EXERCISE: From the first line of the material through the line that holds "20 gebrauchte 0,19er", repeat each line exactly and skip any picture.

________________

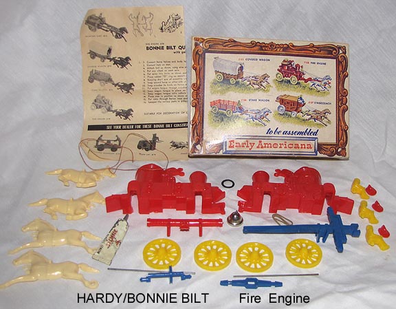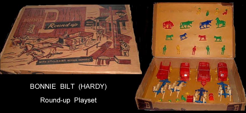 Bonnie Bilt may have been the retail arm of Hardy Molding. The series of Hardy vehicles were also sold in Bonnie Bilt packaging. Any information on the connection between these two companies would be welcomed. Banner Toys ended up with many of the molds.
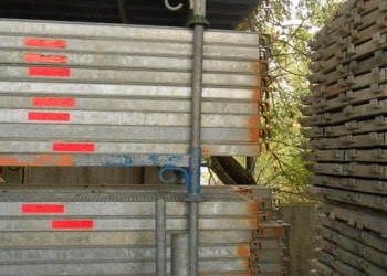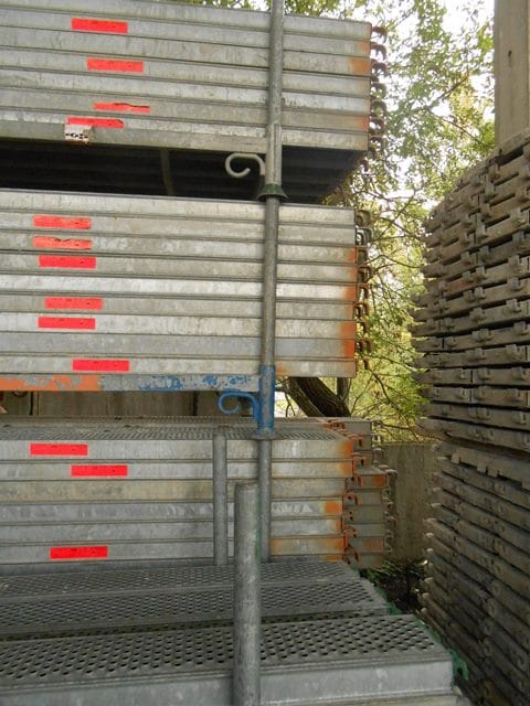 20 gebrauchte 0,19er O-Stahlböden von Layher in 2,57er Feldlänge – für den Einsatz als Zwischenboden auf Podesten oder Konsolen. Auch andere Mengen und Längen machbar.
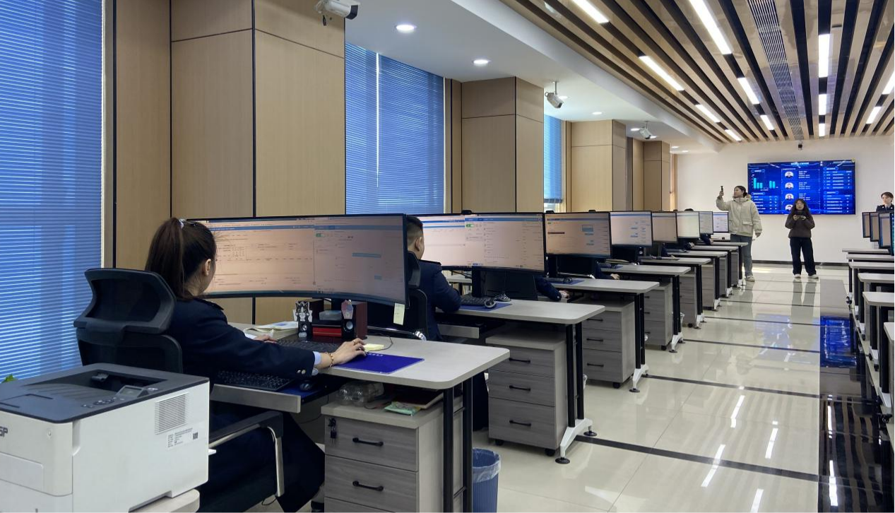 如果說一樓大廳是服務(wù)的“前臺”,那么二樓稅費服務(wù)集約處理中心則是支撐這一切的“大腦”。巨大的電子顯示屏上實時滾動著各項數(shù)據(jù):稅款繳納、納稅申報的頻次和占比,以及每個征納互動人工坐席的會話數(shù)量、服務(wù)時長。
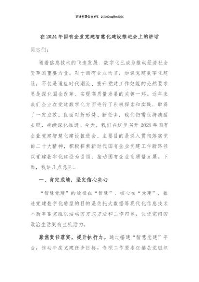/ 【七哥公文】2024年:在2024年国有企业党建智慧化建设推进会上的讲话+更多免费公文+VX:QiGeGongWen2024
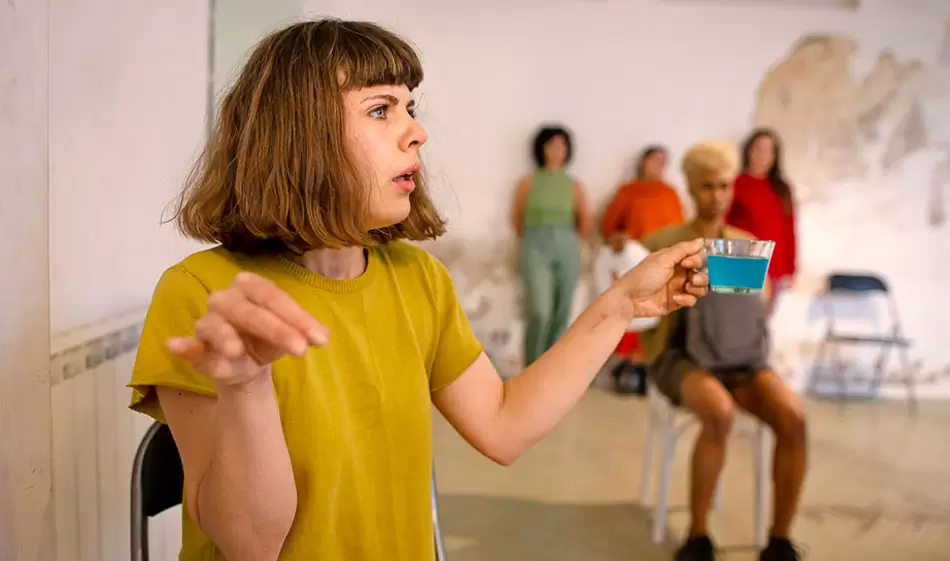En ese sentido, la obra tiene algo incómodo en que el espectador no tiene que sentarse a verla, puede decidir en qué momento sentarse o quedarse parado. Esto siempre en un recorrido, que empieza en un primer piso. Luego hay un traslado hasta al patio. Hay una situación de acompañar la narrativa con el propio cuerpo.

________________

ANSWER TO THIS EXERCISE:
 Bonnie Bilt may have been the retail arm of Hardy Molding. The series of Hardy vehicles were also sold in Bonnie Bilt packaging. Any information on the connection between these two companies would be welcomed. Banner Toys ended up with many of the molds.
 20 gebrauchte 0,19er O-Stahlböden von Layher in 2,57er Feldlänge – für den Einsatz als Zwischenboden auf Podesten oder Konsolen. Auch andere Mengen und Längen machbar.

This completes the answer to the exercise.